May 10, 2021

What We’re Learning

In a blog posted after we began sheltering-in-place last year, I wrote about the opportunity for personal and organizational learning, and the way in which new approaches could be adopted and unproductive ones left behind. While the challenges kept coming through the year, I am grateful to my Foundation colleagues, who have worked together with dedication to support our grantee partners and to learn and grow. Our whole team is grateful to those partners for their commitment and passion, under the most difficult of circumstances.

Over the last year, the entire Foundation team, our staff and our trustees, have been engaging in two important efforts—the first a planned triennial review of our programs and the second a deep, facilitated diversity, equity, and inclusivity journey, working with Yavilah McCoy and her colleague, Michael Allison. This work has been synergistic and reinforcing. It reflects our commitment to learning and evolving as a foundation—which starts with the recognition that learning never stops.

Three cross-cutting themes emerged from our engagement with each other in the midst of a year that underscored how institutional racism is ingrained, persistent, and often weaponized: how we embed equity in our core work, think about the whole systems we’re seeking to shift, and support movements. Each of these inter-related ideas is, to us, a critical part of how change is made equitably and inclusively. Together, they represent important areas of increased focus resulting from greater clarity about the way we should apply our values and learning to our work and program goals.

First, the Foundation’s vision—by acting now and boldly, we can create a world where people and nature thrive together—can only be realized in an equitable and just world. Across our programs, we’re centering people in that equation, and we are elevating diversity, equity, inclusion, and justice in our strategies and our operations. You will hear directly from our program teams in blogs over the coming weeks about what this specifically looks like across our work in water, environmental education, and climate.

Second, we’re deepening our efforts to see and account in our strategies for the whole systems that need to shift to meet the goals we share with our partners. In the areas we work—and importantly, across them and beyond—what are the set of factors that are propelling the change our grantee partners seek? We invite full and open conversations that lay open the range of actions and interventions we need today.

Third, one manifestation of this approach is our increasing support for strong fields, movements, and long-term power building to ensure comprehensive and durable change. Our Foundation’s early years focused grantmaking largely on policy work, in part because of real opportunity across the federal policy landscape between 2012 and 2016, and in part because that’s what we knew best.

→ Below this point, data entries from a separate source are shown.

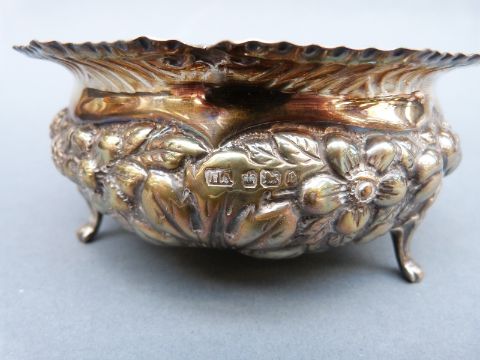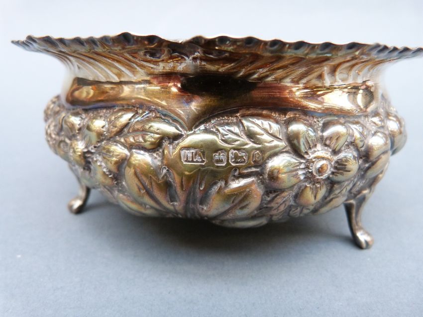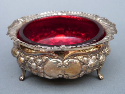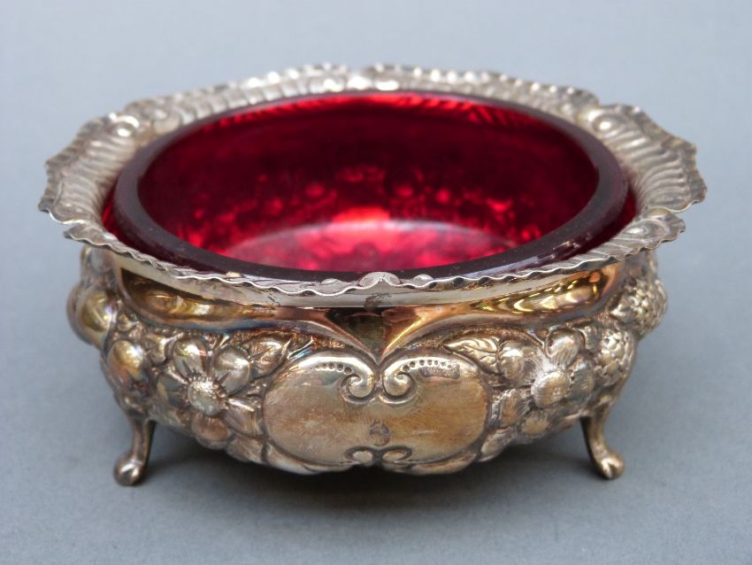 A Victorian hallmarked silver bon bon dish with ruby glass liner, the dish with ornate embossed decoration, Sheffield 1897, maker Atkin Brothers, weight of silver 145g
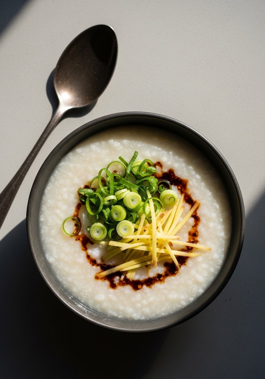 Congee is comforting, gentle on the stomach, and a perfect canvas for light toppings. This version keeps things simple and fragrant with ginger and scallion.
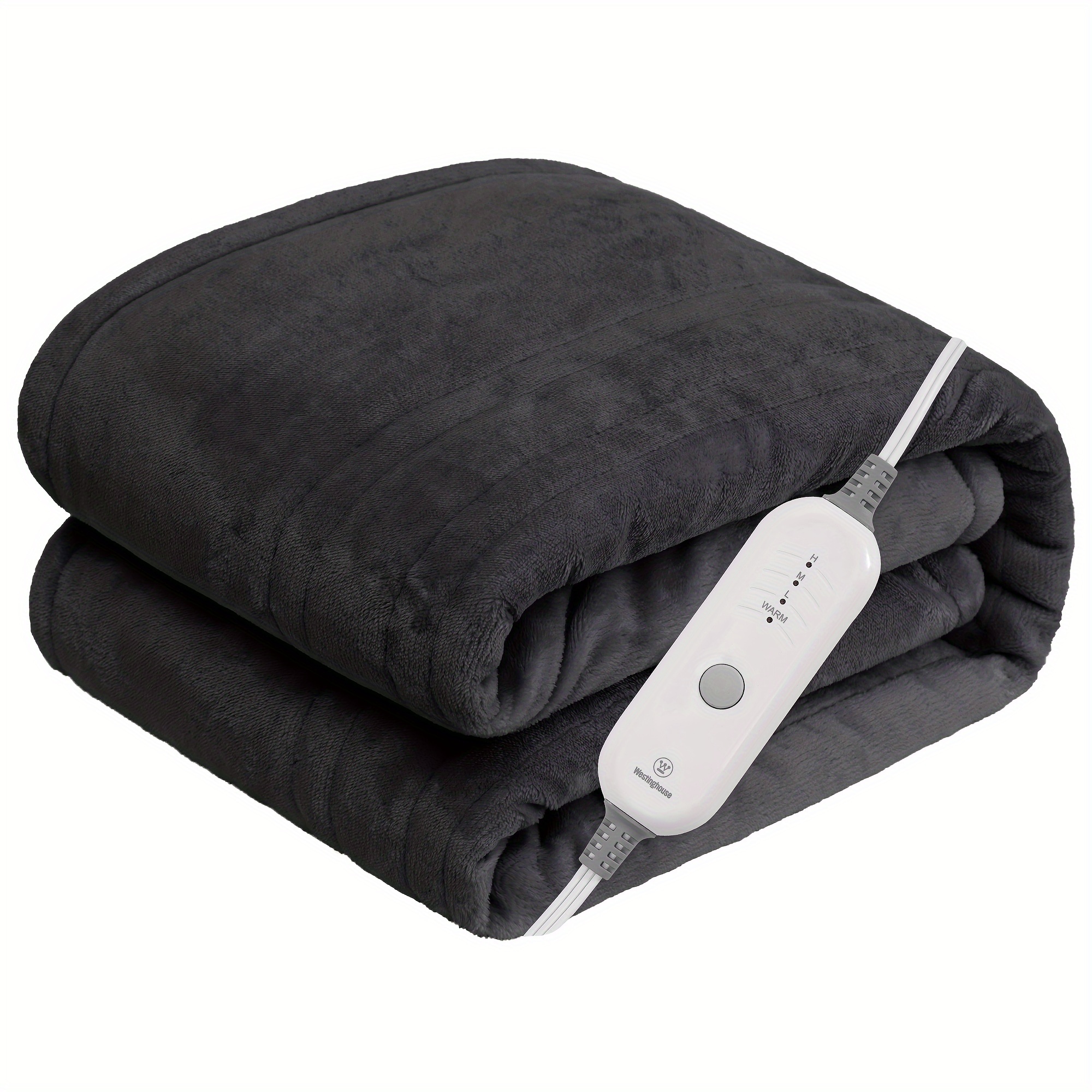 Cozy Westinghouse Silky Soft Flannel Electric Heated Throw Blanket, 4 Adjustable Heat Settings & 1-4 Hour Timer, Machine Washable, 50x60 Inch - Perfect for Home Comfort, Beige Ivory/Dark Grey, WESTINGHOUSE
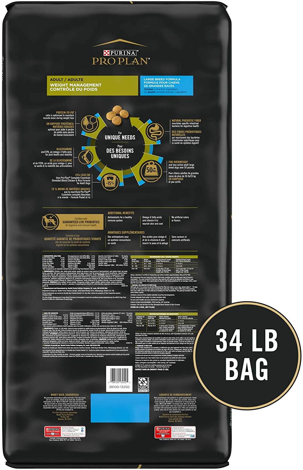 Purina Pro Plan Large Breed Weight Management Dry Dog Food. Chicken and Rice Formula - 34 lb. Bag
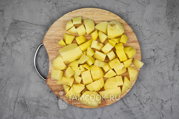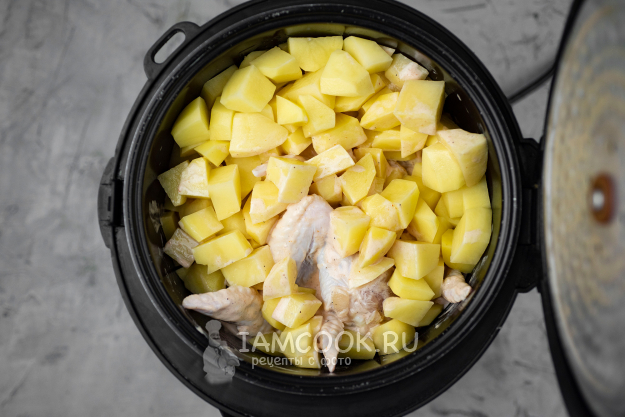 В чашу мультиварки выложим крылышки в сметанно-томатном соусе, сверху выложим картофель и перемешаем.
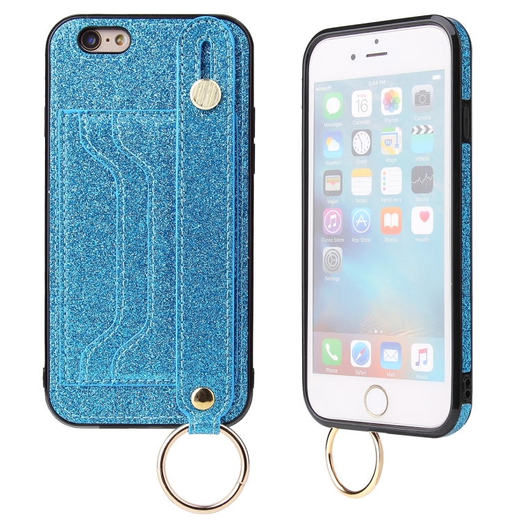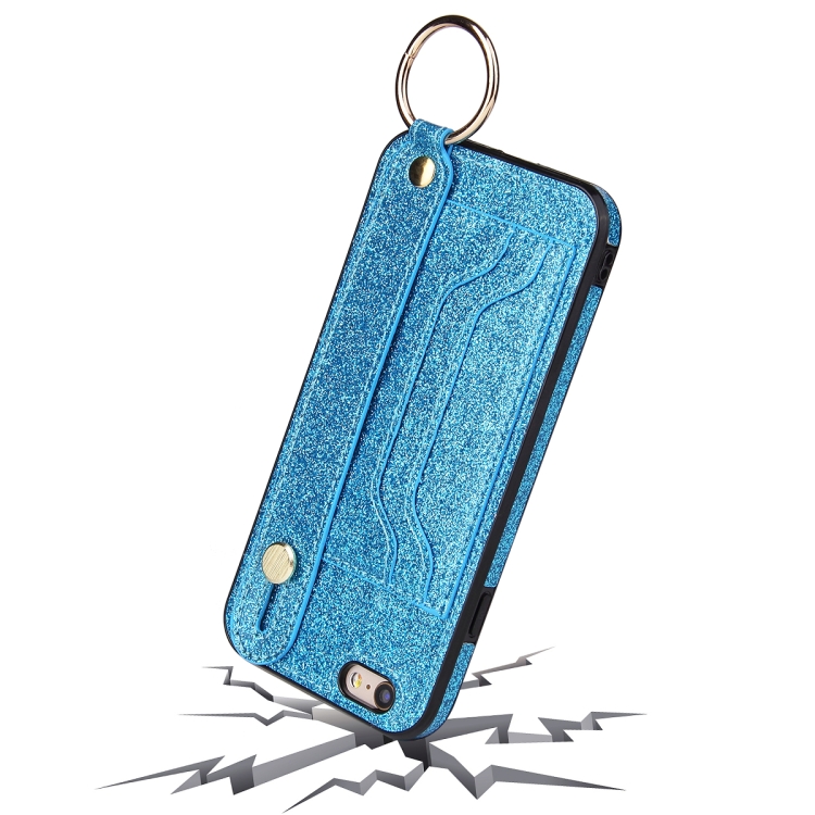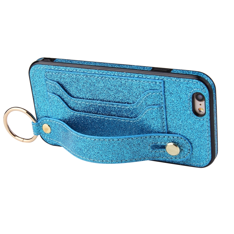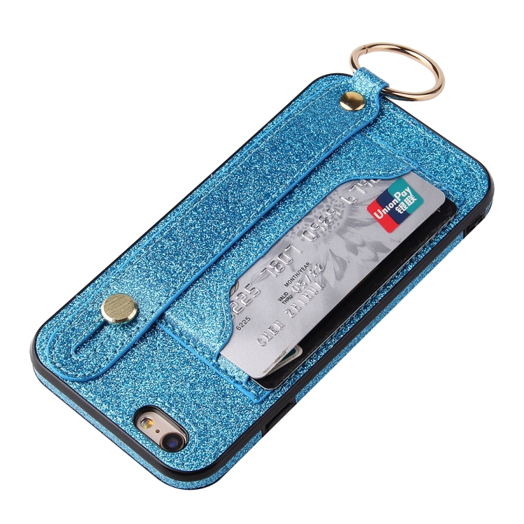 Funda Protectora Pu + TPU Glitter Powder para iPhone 6 Plus / 6S Plus con Soporte, Tragamonedas y Correa (Azul)
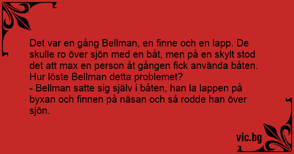 Det var en gång Bellman, en finne och en lapp. De skulle ro över sjön med en båt, men på en skylt stod det att max en person åt gången fiск använda båten. Hur löste Bellman detta problemet?
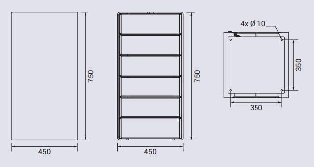 • Dimensions (L x l x H) 450 x 450 x 750 mm
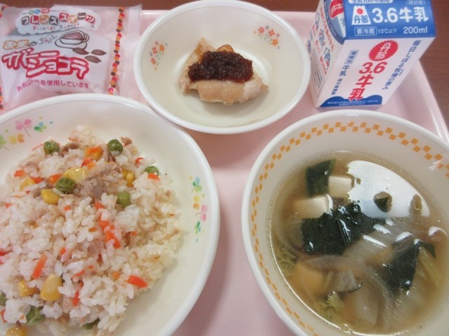 今日は2学期最後の給食です。献立はツナピラフ、鶏肉のオニオンソース、野菜のスープ、ガトーショコラ、牛乳です。
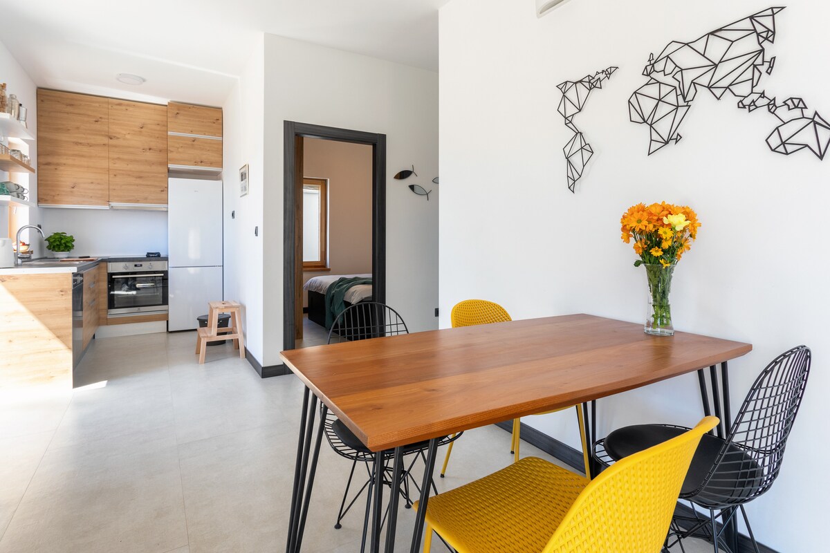 Квартира площадью 60 м 2 состоит из спальни с большой двуспальной кровать, ванной комнаты, просторной гостиной с кухней, прихожей и балкона. Вся южная стена в море находится в стекле, поэтому в помещении много света, и с балконом составляет одно пространство. Квартира расположена на третьем этаже дома, который находится недалеко от центра города (5 минут приятной прогулки вдоль моря), а с балкона открывается открытый вид на море и острова, так как дом расположен в первом ряду у моря.
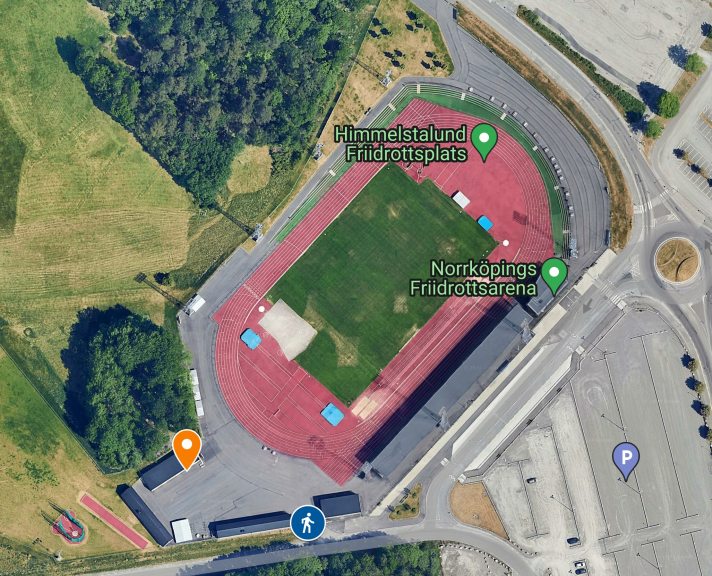 OBS! På bilden nedan ser du plats och in-/utgång på arenan för nummerlappsutdelning. Utdelning sker vid orange markering på kartan, in-/utgång till arenan vid den blå markeringen.
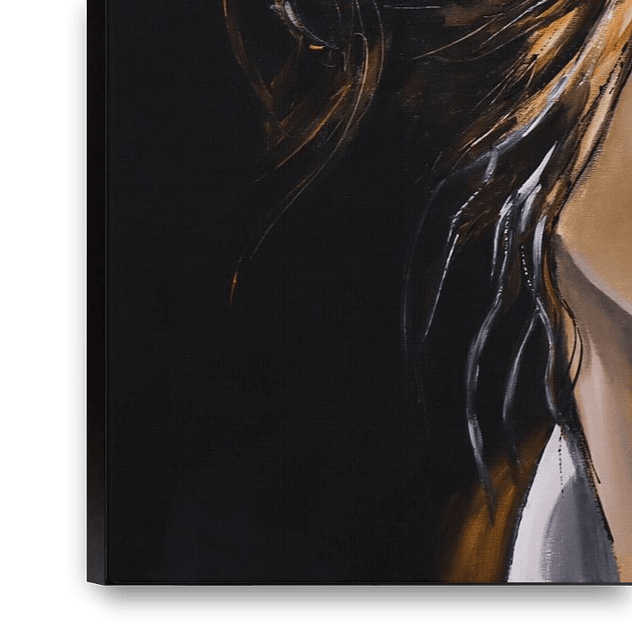 Dieses beeindruckende Porträt zeigt eine schöne Frau, die in einem Moment eleganter Kontemplation festgehalten ist. Ihr Gesicht, umrahmt von dunklen Tönen und zarten goldenen Reflexen, strahlt eine zarte und doch kraftvolle Ausstrahlung aus.
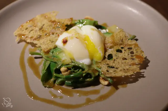 台灣特選的四種時蔬鋪底,搭配半熟水波蛋,四周撒上堅果, 花圈上的多種香料建議以手撕碎拌入其中,使香氣分發, 剩餘的醬汁用脆餅沾附完,好吃到一滴都不捨浪費。
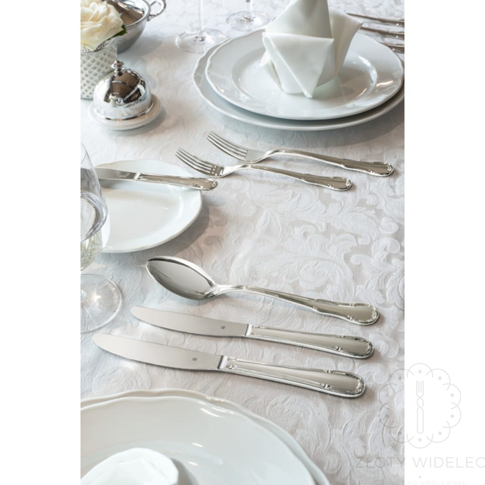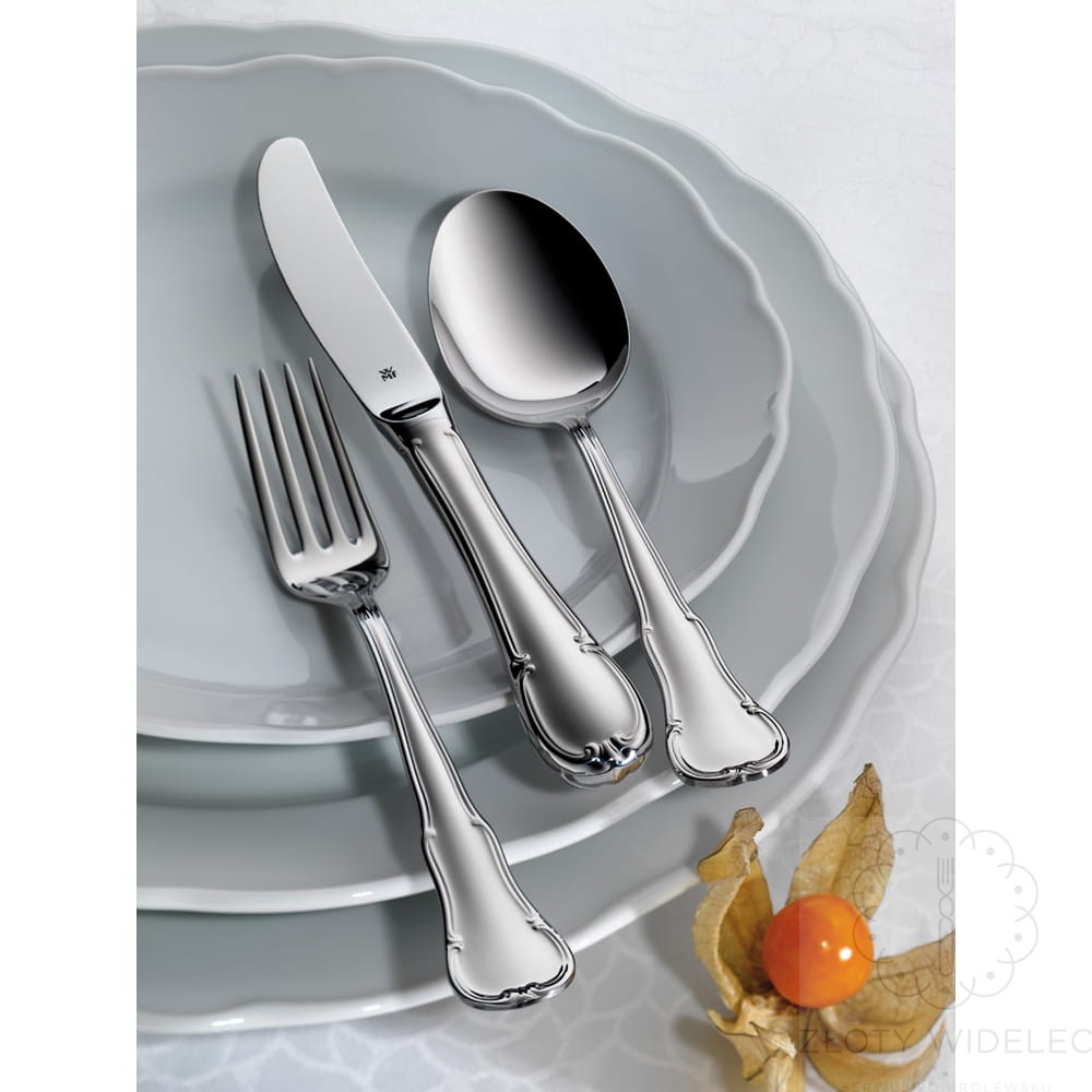 WMF Barock to zestaw sztućców, który łączy tradycję, elegancję i najwyższą jakość wykonania. Zdobione detale i solidna forma sprawiają, że kolekcja ta stanowi prawdziwą ozdobę stołu – doskonałą zarówno do codziennych posiłków w stylowej oprawie, jak i do wyjątkowych, świątecznych okazji.

But a good policy concept without power often amounts to little more than an interesting idea. To keep up with the pace and scale of change, its essential to support the infrastructure for movements, since these investments can provide the tools and nurture the relationships that enable people and organizations to work together effectively. This isn’t just a nice idea; it is an instrumental one. No one organization alone, or even a few, can address the environmental and justice challenges that are mounting.

Of course, these themes themselves connect, even though I have described each of them individually.  And so too are there real and meaningful connections between what we fund and our practices, how we show up outside our walls, and how we work together as a Foundation team. You’ll see blogs over the course of the year that share our learning and evolution in these areas too, including how we make grants to how we partner with grantees.

At the beginning of the pandemic, I wrote that one thing we can take from this moment is a deeper resolve, reinforced now in our lived experience, that apparently fixed objects aren’t always. Big systems can change—and we seek to be part of efforts to move them. The work our team has done over the last year toward this vision is far from finished, but already our grantmaking is evolving to support more movement backbone organizations, organizations rooted in and led by frontline communities, and voices offering important and critical insights on the way forward. We will keep you posted and seek your feedback as we support our partners, existing and new, who are doing the work now that will shape our collective experience tomorrow.